This is based on Ex. 6.4.6 in Stillwell's "Real Numbers."
Using previous exercises, it was established that one can construct for any countable ordinal $\gamma$ disjoint half-open intervals $[a_{\alpha}, a_{\alpha+1})$ for all $\alpha\lt\gamma$, with the properties $a_{\alpha}\lt a_{\beta}$ iff $\alpha \lt \beta$ and $\bigcup_{\alpha \lt \gamma} [a_{\alpha},a_{\alpha+1})=[0,1)$.
What was termed a "$\gamma$-line," $[0,1)\times \gamma$ was defined as containing a copy $[0,1)\times\{{\alpha}\}$ of $[0,1)$ for each $\alpha\lt \gamma$.
As a preliminary question: Is the notation $\times \{\alpha\}$, just an index?
I can see how this $\gamma$-line is homeomorphic and order isomorphic to $[0,1)$ for each countable ordinal $\gamma$.
My main question is, I would appreciate help to:
Similarly define the $\omega_1$-line and explain why it is not homeomorphic and not order isomorphic to $[0,1)$.
I am not sure what to use instead of $\times\{\alpha\}$ as an index be to be less than $\omega_1$ as $\alpha$ was less than $\gamma$- do I use countable ordinals?
And the explanation asked for probably hinges on the uncountability of $\omega_1$, yet I don't know how to explicitly show it.

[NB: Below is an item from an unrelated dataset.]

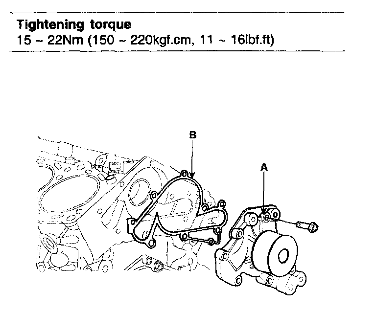 Tightening torque 15 - 22 Nm (150 - 220 kgf-cm, 11 - 16 ft. lbs.)

As a subsidiary question, Brian Scott gave an example of homeomorphic but not order isomorphic here: The relation between order isomorphism and homeomorphism.
Can there be order isomorphism without homeomorphism?
Thanks
Since in both case the topology is generated by the class of subsets sets of the form $\{x\mid a<x<b\}$ or $\{x\mid x<b\}$, order isomorphism implies homeomorphism.
To see that $[0,1)$ is not even homeomorphic to the long line, one fairly direct approach would be to show that there can't even be a continuous surjection from $[0,1)$ to the long line. Namely, in each of the $\omega_1$ copies of $[0,1)$ in the long line, there must be a point that is the image of a rational, but there are not enough rationals to hit all of them!
(Or, perhaps slicker: $[0,1)$ is separable, but the long line isn't!)